Adding PSUT matrix names (add_psut_matnames())
The first step to converting the IEA extended energy balance data into PSUT matrices
is identifying the matrix in which each datum belongs.
The add_psut_matnames() function performs this task.
It adds a column named "matnames" (by default but changeable by the user)
that contains one of R, U, V, or Y to identify the
Resources, Use, Make, or Final demand matrix.
load_tidy_iea_df() %>%
add_psut_matnames() %>%
glimpse()
Note that when a matnames column already exists in .tidy_iea_df,
add_psut_matnames() returns the input data frame without modification.
This behavior allows other matrix naming conventions.
Add matrix metadata (add_row_col_meta())
The next step is to add information to identify the rows and columns
for each datum.
The add_row_col_meta() function performs this task
by adding rowname, colname, rowtype, and coltype
columns which identify the names and types of rows and columns in the PSUT matrices.
add_row_col_meta() should be called after
calling add_psut_matnames(),
because it relies on the the matnames column to
determine names and types.
load_tidy_iea_df() %>%
add_psut_matnames() %>%
add_row_col_meta() %>%
glimpse()
Note that if all of rowname, colname, rowtype, or coltype columns
are already present in .tidy_iea_data,
add_row_col_meta() returns the input data frame without modification.
This behavior allows other matrix row, column,
rowtype, and coltype naming conventions.
If some but not all of rowname, colname, rowtype, and coltype columns
are present in in .tidy_iea_data,
add_row_col_meta()returns an error.
Collapse to matrices (collapse_to_tidy_psut())
After identifying row and column names and types,
the next step is to collapse the data into PSUT matrices.
The collapse_to_tidy_psut() function performs this task
using the matsindf::collapse_to_matrices() function internally.
The matvals column is added to the data frame and
contain matrix names for each row of the data frame.
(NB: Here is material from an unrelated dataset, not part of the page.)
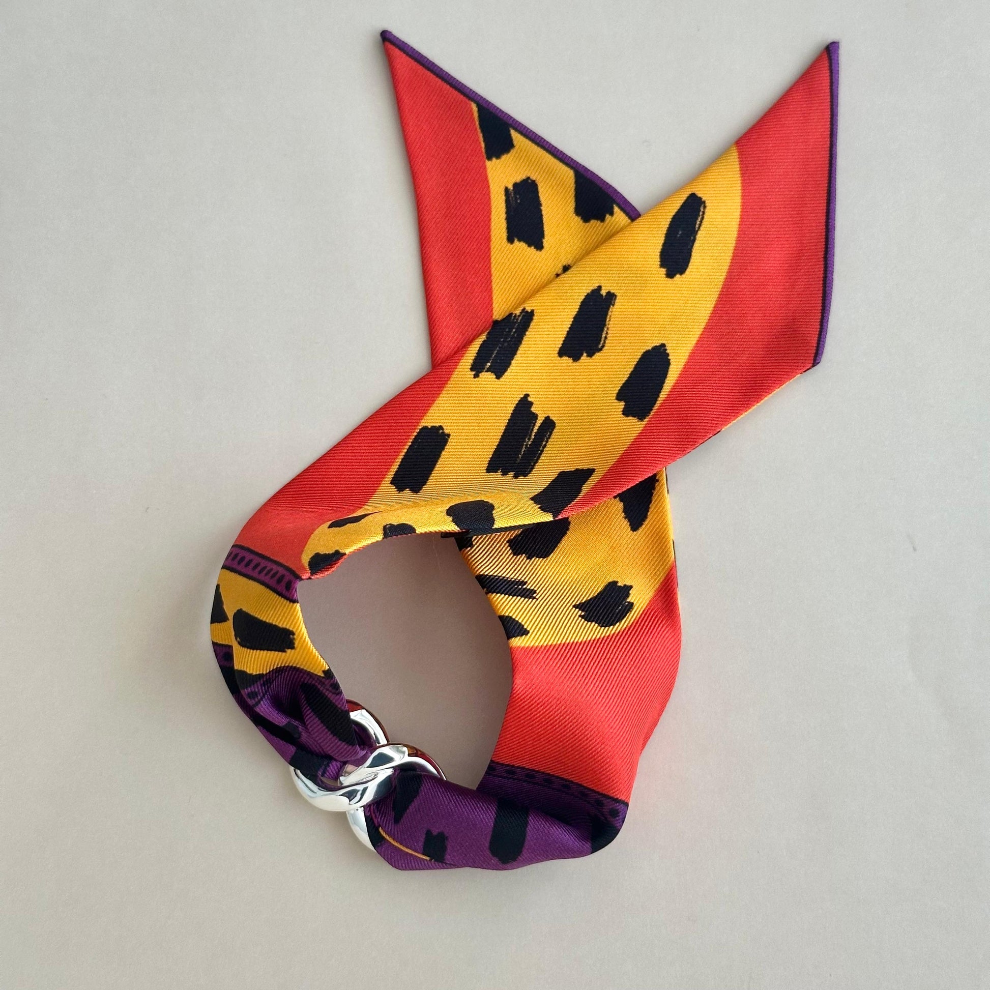 Pulsera pañuelo de seda y accesorio bañado en plata.

collapse_to_tidy_psut() ensures that all
entries in each matrix are non-negative.
Tidy_PSUT <-
load_tidy_iea_df() %>%
specify_all() %>%
add_psut_matnames() %>%
add_row_col_meta() %>%
collapse_to_tidy_psut()
Tidy_PSUT %>%
glimpse()
class(Tidy_PSUT$matvals[[1]])
Tidy_PSUT$matvals[[1]]
Generate S_units matrices (extract_S_units_from_tidy())
A matrix of Products and Units can be obtained from a tidy IEA data frame
with the extract_S_units_from_tidy() function.
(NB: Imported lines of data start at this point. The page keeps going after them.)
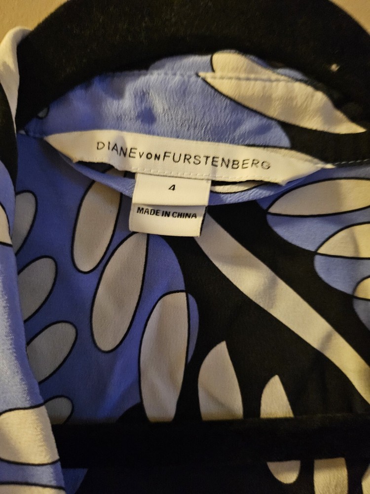 Elevate your wardrobe with this stunning Diane von Furstenberg silk shirt. The multicolor blouse is perfect for any occasion and is made with high-quality silk material. This regular-sized blouse is designed for women and is a must-have for any fashion-forward individual. The shirt is branded with Diane von Furstenberg's signature and is available in size 4. Add this exquisite blouse to your collection today and experience the luxury and elegance it brings.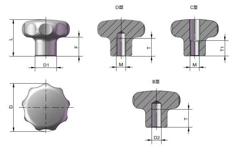 D型:帶螺紋盲孔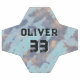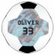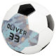 Moderner, benutzerdefinierter Spielername und Nummer halten Fußball-Ball. Aquarellfarbene Hintergrundtextur in Blau- und Grautönen. Personalisieren Sie es mit Ihrer Spielernummer und Ihrem Spielernamen. Ein großartiger personalisierter Fußball-Sake, um sich an den Lieblingssport zu erinnern.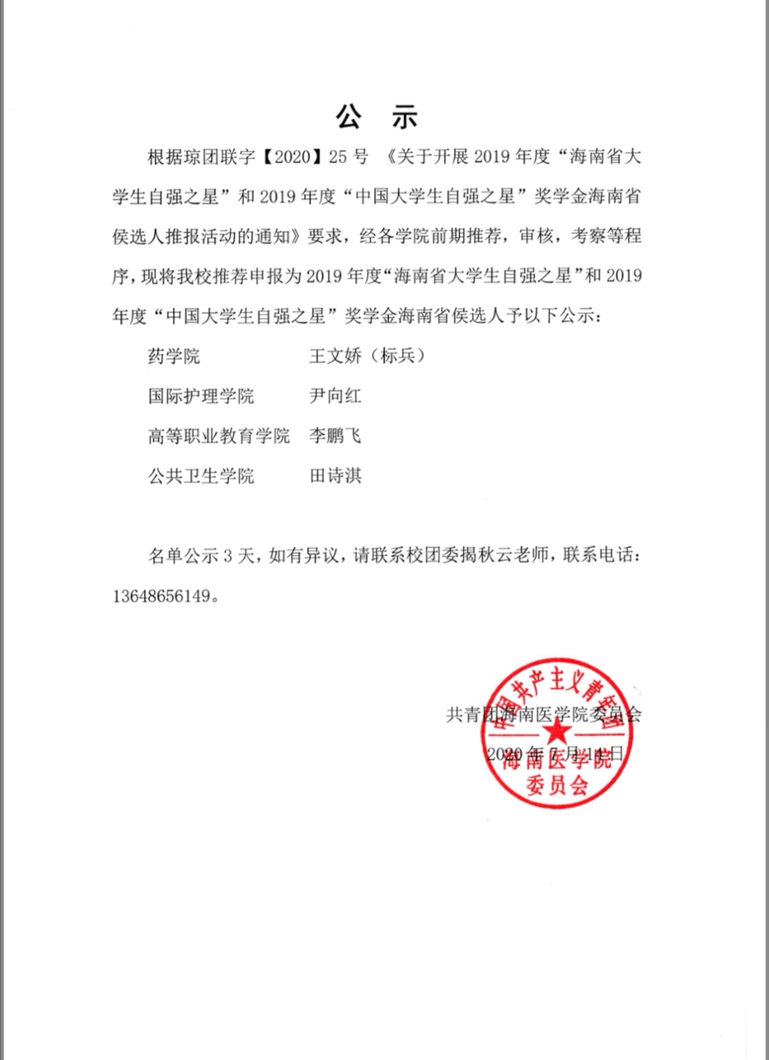 我校推荐申报为2019年度“海南省大学生自强之星”和2019 年度“中国大学生自强之星”奖学金海南省侯选人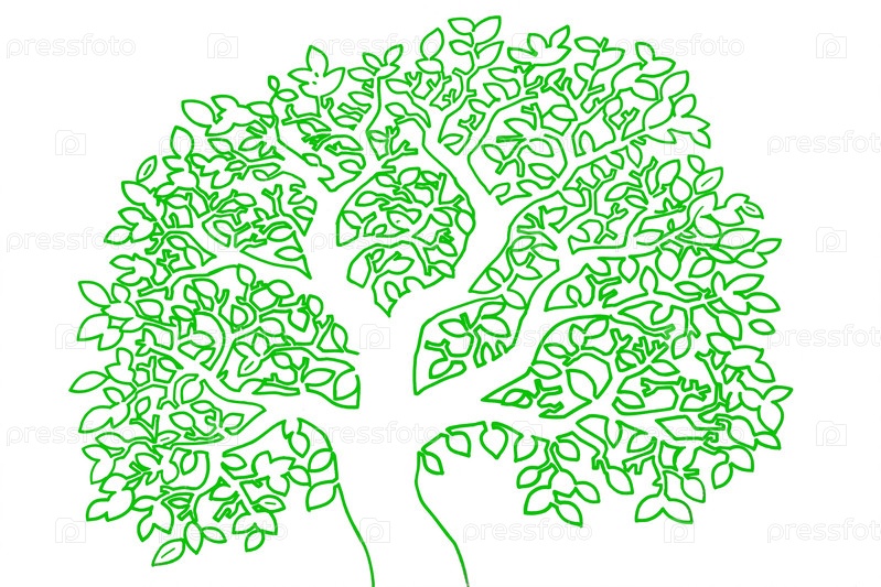 Нарисованное зеленым мелом дерево на белом изолированном фоне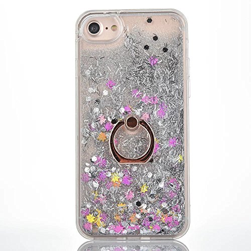 -. Title : JAZ Finger Ring Stand Quicksand Liquid Case,Ultra Thin Hard PC Back Soft TPU Bumper Transparent Plastic Case Floating Luxury Bling Glitter Sparkle Heart Case for iPhone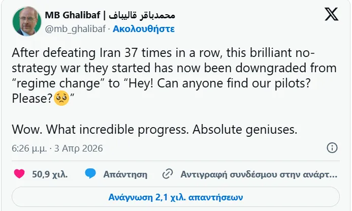 Ο πρόεδρος του Kοινοβουλίου του Ιράν, Μοχάμεντ Μπαγκέρ Γκαλίμπαφ, με ανάρτησή του στο X χλευάζει τις Ηνωμένες Ποιτείες.

S_units_df <- load_tidy_iea_df() %>%
specify_all() %>%
extract_S_units_from_tidy()
S_units_df %>%
glimpse()
S_units_df$S_units[[1]]
Putting it all together (prep_psut())
prep_psut() is a convenience function.
It converts a tidy IEA data frame
that has gone through specify_all()
into a PSUT data frame
by collapsing the IEA data into PSUT matrices (R, U, V, and Y).
This function bundles several others:
1. add_psut_matnames()
2. add_row_col_meta()
3. collapse_to_tidy_psut()
Furthermore, it extracts S_units matrices using extract_S_units_from_tidy()
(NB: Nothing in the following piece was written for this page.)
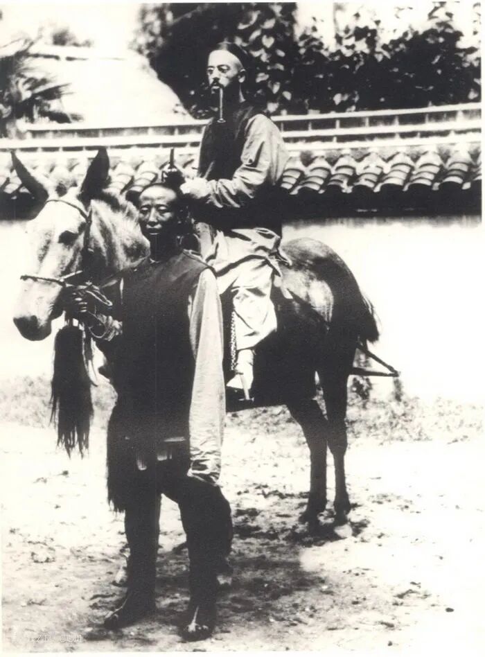 3、马背上上的南怀谦神父。旁立者为马夫。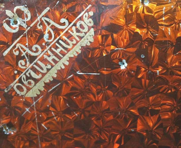 Заведение осн. в 1857 году (по Звереву – в 1839), ежегодно производилось изделий на 1200 руб. по заказу местных сундучников, 1 наемный мастер, работали 9 месяцев в году. По словам П. Н. Зверева, И. А. Овчинников первым начал использовать пробочные манеры для печатания узоров на железе. Эту технику он заимствовал у тагильских «подносников».

and adds those matrices to the data frame.
Simple <- load_tidy_iea_df() %>%
specify_all() %>%
prep_psut() %>%
pivot_longer(cols = c(R, U_EIOU, U_feed, V, Y, S_units), names_to = "matnames", values_to = "matvals")
S_units <- load_tidy_iea_df() %>%
specify_all() %>%
extract_S_units_from_tidy()
Complicated <- load_tidy_iea_df() %>%
specify_all() %>%
add_psut_matnames() %>%
add_row_col_meta() %>%
collapse_to_tidy_psut() %>%
spread(key = matnames, value = matvals) %>%
full_join(S_units, by = c("Method", "Energy.type", "Last.stage",
"Country", "Year")) %>%
gather(key = matnames, value = matvals, R, U_EIOU, U_feed,
V, Y, S_units)
# Simple and Complicated are same.
full_join(Simple %>% rename(matval_simple = matvals),
Complicated %>% rename(matval_complicated = matvals),
by = c("Method", "Energy.type", "Last.stage", "Country", "Year", "matnames")) %>%
dplyr::mutate(
same = matsbyname::equal_byname(matval_simple, matval_complicated)
) %>%
magrittr::extract2("same") %>%
as.logical() %>%
all()
Simple %>%
glimpse()
# U_EIOU for Ghana in 1971
Simple$matvals[[5]]
Conclusion
Taken together,
the functions in this package make it possible to prepare IEA extended energy balance data
for use with PSUT analysis techniques.
A sequence of three function calls is all that is required.
wide_PSUT_mats <- load_tidy_iea_df() %>%
specify_all() %>%
prep_psut()
wide_PSUT_mats %>%
glimpse()
MatthewHeun/IEATools documentation built on Feb. 6, 2024, 3:29 p.m.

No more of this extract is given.